Strong Rust skills required. Familiarity with genomic coordinate systems and interval data structures preferred. Interest in leveraging type systems for correctness.

Potential Mentors

Clay McLeod

Proposal Advice

Start by reading the omics-coordinate documentation to understand the distinction between interbase (pointing to spaces between nucleotides) and in-base (pointing directly to nucleotides) coordinate systems—and why mixing them causes bugs. Review existing libraries like rust-lapper, coitrees, and bedrs to understand current approaches. Your proposal should explain how you'd leverage Rust's type system to prevent coordinate system mismatches at compile time.


SIMD-accelerated sequence alignment for omics

Length: 350 hours | Difficulty: Hard

Description

Sequence alignment is fundamental to bioinformatics—comparing DNA, RNA, or protein sequences to find similarities, identify mutations, or infer evolutionary relationships. Modern CPUs offer SIMD (Single Instruction Multiple Data) instructions that can dramatically accelerate the dynamic programming algorithms at the heart of alignment. This project builds a SIMD-accelerated alignment module for the omics ecosystem, including developing foundational primitives (protein sequence types, amino acid representations), alignment infrastructure (scoring matrices, gap penalty models, CIGAR result types), and high-performance implementations of global and local alignments.

Outcomes

  • Protein sequence primitives: amino acid types, protein polymers extending omics::molecule (Project, library foundation)
  • Alignment infrastructure: scoring matrices, gap penalties, result types (Project, core types)
  • SIMD-accelerated Smith-Waterman (local) and Needleman-Wunsch (global) implementations (Project, core algorithms)
  • Integration with existing omics::molecule DNA/RNA types (Project, ecosystem cohesion)
  • Benchmarks demonstrating performance against existing tools (Project, community)

Relevant Skills

Strong Rust skills required. Familiarity with SIMD intrinsics (AVX2, NEON) or willingness to learn. Understanding of dynamic programming and sequence alignment algorithms preferred.

Potential Mentors

Clay McLeod

Proposal Advice

Start by understanding Smith-Waterman and Needleman-Wunsch algorithms, then explore how SIMD parallelism accelerates them. Review Block Aligner (paper) as a reference for SIMD techniques. Examine omics::molecule to understand the current sequence representations—note that protein types, scoring infrastructure, and alignment result types will need to be built as part of this project. Your proposal should outline the primitives you'd create, your approach to SIMD acceleration, and how the API would feel to end users.

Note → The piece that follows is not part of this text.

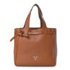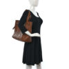 PRADA Vitello Daino Soft Dynamique Tote Cognac and Cocco. This stylish handbag is crafted of luxuriously textured calfskin leather in brown. The bag features looping leather top handles and the top opens to a brown leather interior.

We're open to other, relevant ideas

We're also open to other ideas! Feel free to check out the St. Jude Rust Labs organization to see what we're working on. In particular, ideas using the omics library and the chainfile library would be really cool to see. Last, if you do plan to submit your own idea, please discuss them with us briefly during the discussion period before submitting an application—we don't want you to do a lot of work for an idea that's unlikely to be selected!

Application template

Please use this application template when submitting your proposal.

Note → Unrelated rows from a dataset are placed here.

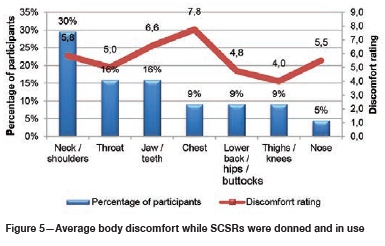 The ergonomic design for donning of the SCSRs was, on average, rated as acceptable. However, some of the participants experienced difficulty in opening the protective casings of the SCSRs, and with locating and adjusting the straps. When the SCSRs were donned and in use, the lowest score was for the comfort of the nose-clips (which are to prevent breathing in of toxic gases) as these were often noted as causing pain.
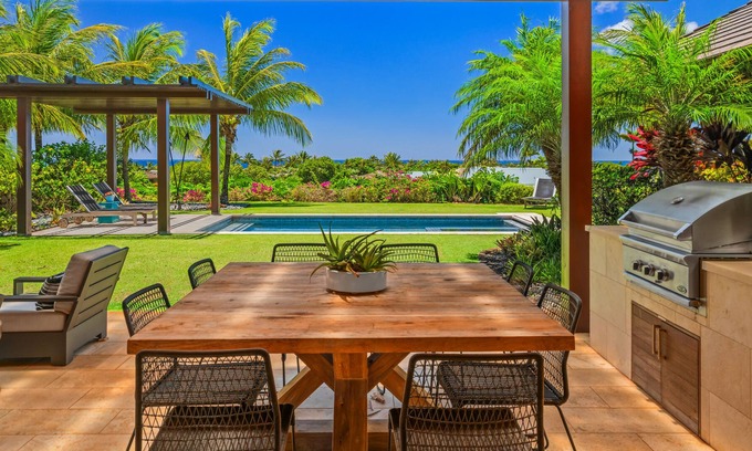 Inspired by the views of the rolling green of the golf course and the blue of the Pacific ocean, Architect Stephen Green designed Hale Kai Lani to embrace island living in a truly exceptional way, with sliding glass doors on either end of the great room open up to the lush, tropical outdoors. The gentle breeze flows through the living room and gourmet kitchen to an outdoor oasis of verdant lawn, areas for gathering and relaxation, an inviting pool, spa, and an outdoor kitchen. A shady arbor keeps the outdoor spaces cool, while generating electricity with integrated solar panels. From the master suite, step out onto the private lanai, or enjoy a refreshing outdoor shower. The main home's two additional rooms are spacious and perfect for family and friends. A one-bedroom/one-bath detached `ohana creates additional space for guests and enjoys its own private courtyard surrounded by lava rock walls.
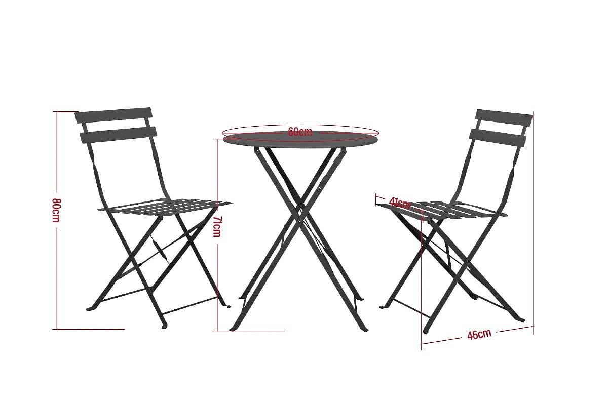 Sada balkonového nábytku (2 x skládací židle + stůl) SEMPLICI Ocel Černá

Note: We do not require prior contributions to Sprocket or any St. Jude Rust Labs repository before applying.

  1. Project Title. Give a single sentence title to your project. You can use the existing project titles above or tweak them based on your own interests/ideas.

  2. Abstract (~4-6 sentences). Describe the big picture of what you plan to accomplish during this project. You can feel free to reuse ideas or language that we used above—just make sure you give a sense of what you want to accomplish underneath those broad headings.

  3. Project Description. An unbounded project description. Feel free to talk through the details of how you prepared for submitting this application (did you follow any of our advice for each idea? How did that shape the way you think about the idea, etc) and any more detailed plans for how you plan to go about the project.

  4. Major Contributions. A list of goals that you hope to accomplish by the end of the program. Use a bulleted list here, and be sure to include both (a) what the outcome is going to be and (b) the target audience of that outcome.

  5. Timeline. Break down the work to achieve these major contributions into a timeboxed plan as it aligns to the GSoC timeline. We've provided a template here to get started.

Period GSoC Phase What I'll aim to accomplish
May 1 - May 24 Community Bonding Period GSoC contributors get to know mentors, read documentation, get up to speed to begin working on their projects
May 25 - May 31 Coding (Week 1)
June 1 - June 7 Coding (Week 2)
June 8 - June 14 Coding (Week 3)
June 15 - June 21 Coding (Week 4)
June 22 - June 28 Coding (Week 5)
June 29 - July 5 Coding (Week 6)
July 6 - July 12 Coding (Week 7) Midterm evaluation is July 6-10
July 13 - July 19 Coding (Week 8)
July 20 - July 26 Coding (Week 9)
July 27 - August 2 Coding (Week 10) Your plan should start to include thinking about documenting the final product around this point.
August 3 - August 9 Coding (Week 11)
August 10 - August 16 Coding (Week 12)
August 17 - August 24 Coding (Final week) Final submissions due August 17-24
  1. Time Period/Working Hours. Let us know how much time you plan to spend on the project. Be sure to indicate both (a) how many hours you think the project will take (we're not looking for a complicated hourly breakdown—just if it's 175 hours or 350 hours as defined by the GSoC guidelines) and (b) roughly how many hours per week you plan to spend on the project.

  2. Name and GitHub Username. Please share with us your name and the GitHub username with which you are going to do the work.

  3. Resume. Please include a recent copy of a resume/CV.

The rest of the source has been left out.